So we were thinking of ways we can do something a bit different and we pondered, stared into the middle distance, stroked our chins, made thinking noises and furrowed our brows. This is what we came up with:

  1. Perform naked.
  2. Get an escapologist.
  3. Grow moustaches.
I think you’ll agree that’s certainly a list. As to whether the items in the list are quality items, I think the less said the better. Sometimes we come up with better ideas than this, but not this time.

If we were to be trendy zeitgeisty types, we’d put it to the vote. Except it would be a thoroughly demoralising process for all concerned no matter what the outcome was. Much like chemical warfare or the postal service.  

It’s not always easy to come up with an interesting or novel idea at the drop of a hat, although strangely enough the International Hat Dropping Championships were thought up in just that fashion. Still, relying on serendipity isn’t going to put dinner on the table or money in the bank or ducks in the pond or monkeys in the trees or fish in the sea or tassels on nipples or chips in the fryer or ground glass in the camp commandant’s mashed potatoes or Buck Rodgers in the 25th Century. 
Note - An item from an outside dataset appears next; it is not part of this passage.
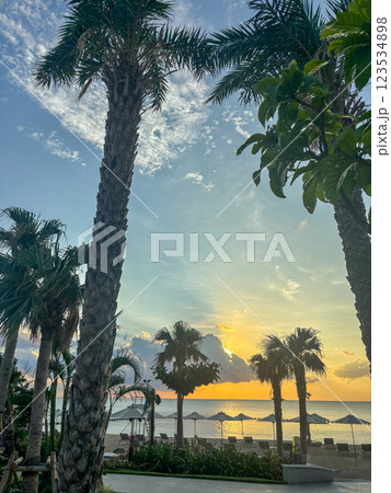ヤシの木と海に沈む夕日

This effort from Geoff "Fiery" Boycott saw him lift the Chalice in 1970

What I’m saying is, if we’d had a flip chart and some pens and a day of team building exercises we might have come up with something better. So don't make the same mistake. Mashemon Inc. run a series of Action Activity Days focusing on fostering improved inter-personal team dynamics, re-balancing systemic process inequalities, providing nurture bubbles for proto-cognitive realisation gradients and facilitating non-culpable responsibility “we-states” vital in the full formation of intermeshed community zero-scale market gearing in the modern world. 

Formalising the "notion-of-us" in a respect-rhombus

Prices start at £300 per person per day. Buffet lunch and light refreshments included. Bring a change of clothing.
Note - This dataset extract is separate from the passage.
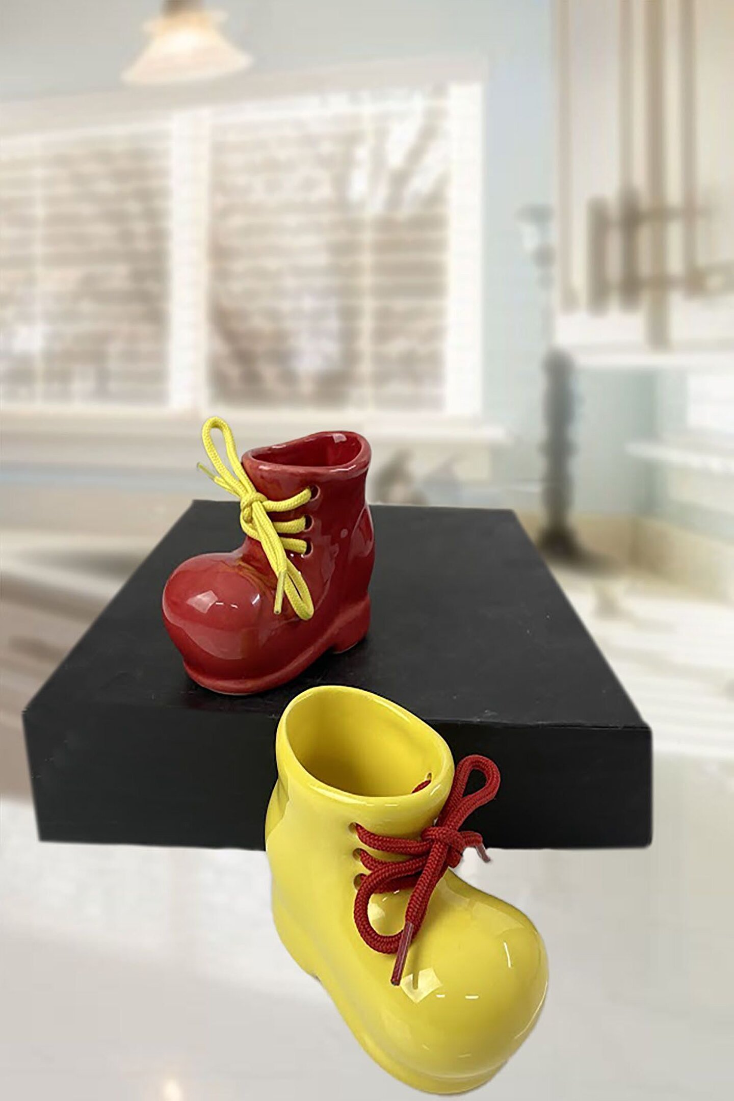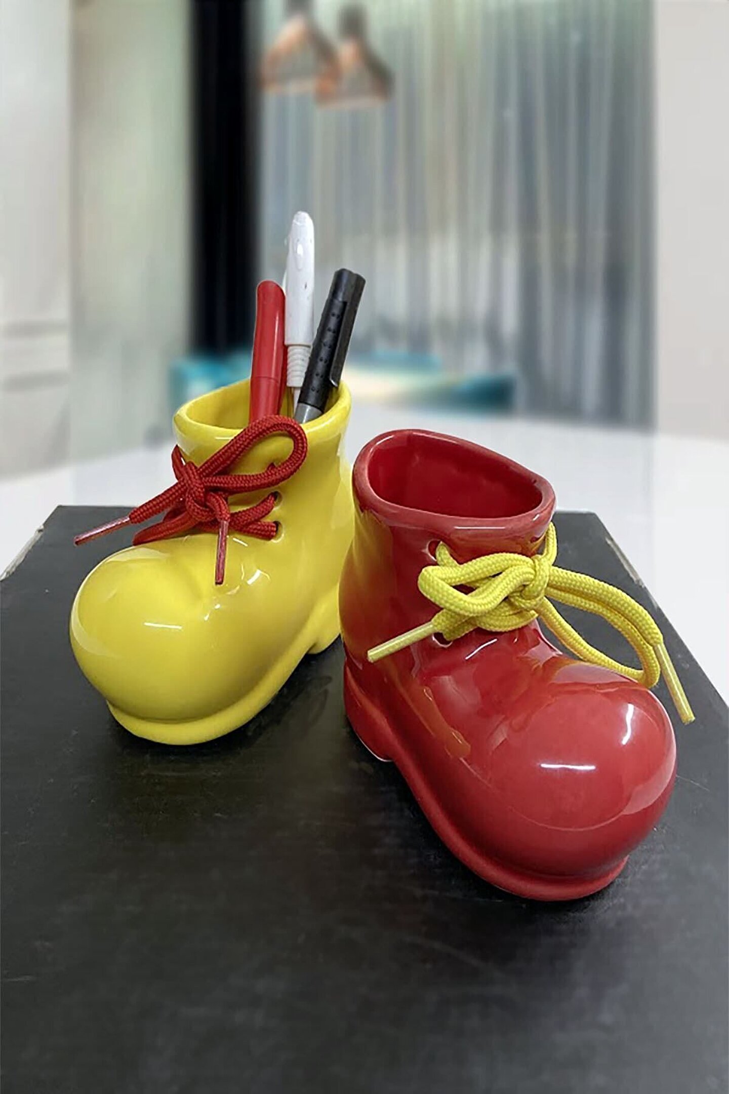 Kendiniz yada sevdikleriniz için bir hediye arıyorsanız estetik ve sempatik görünümü ve kaliteli yapısı ile bu kalemlikler sizler için zarif bir seçenek olacaktır. Tamamen el dökümüdür. Yüksek kalitede seramik malzemeden yapılmış dekoratif ve dayanıklıdır. Öğrenci evinizde veya ofisinizde masa üzeri çok dekoratif ve kullanışlı bir aksesuar olacaktır. ; Dekoratif 2'li Masa Üstü Seramik Sarı-Kırmızı Dekorlu Bot İpli Kalemlik - Sukulent Saksı ; Keyifli Alışverişler Diliyoruz. :) ;

Ultimately it will all come down to the performance on the day. I am planning on taking one song at a time, playing the high percentage notes, keeping focussed on doing the simple stuff right and playing each ball on its merits. You simply cannot afford to make simple mistakes at this level and you should be able to clear up in one visit. Our defence is strong, we’ve been training well and Andy is getting over his groin strain. He might need a pain killing injection, but he’s a brave lad and I’m sure he’ll give 110%. As far as Mike’s upcoming trial for racism, homophobia, sexual misconduct and armed robbery is concerned, we are not making any comment at the present time. Because we’re a little scared of him. 
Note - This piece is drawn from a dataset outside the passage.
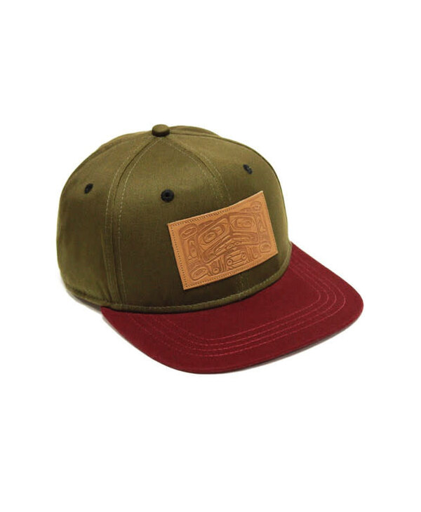 Top off your daily look with this classic streetwear style - the snapback hat. Featuring Indigenous artwork across the flat brim, 100% cotton twill construction and coordinating art on the front panel for a clean and subtle style.

It's about this time of the day that I like to tell you to go and boil your head.

Thursday 12 July 2012

I saw butterflies eat flesh!


I return! Like an eel in a coracle, or a wasp in a thermos flask. I know I’ve not been getting as many posts on here as I should and I know I’ve said before that I’ll be more prolific so I’m here to tell you two things:

  1. There will be more blog posts in the future
  2. They will appear at a higher frequency
  3. They will make less sense than ever.

You can put that in a bag and call take it to the funeral home.

Talking of funeral homes, there’s one down the road from where I live which has the most interesting exterior decoration this side of the M6. You’re all familiar with what a Tudor house looks like I presume. White walls, black beams, you might be able to summon the image in front of your mind right now. There might even be a Tudor man and Tudor woman standing outside the house. Give them a wave. Are they waving back? Try again. Anything? Probably not. Bastards. 

Oi! Big nose! Look me in the eye when you don't wave at me.
You’re also probably aware of the 20th Century Mock-Tudor house. You know, you see them in middle-class housing estates with their black timbers and white bits of wall. There’s probably a Ford Mondeo in the drive way. Possibly a Ford Focus as well. There’s a nice couple standing outside. Give them a wave. Are they waving back? Probably not. That’s because you are too poor and they are afraid of you. If you look carefully they have both let a little bit of wee come out. 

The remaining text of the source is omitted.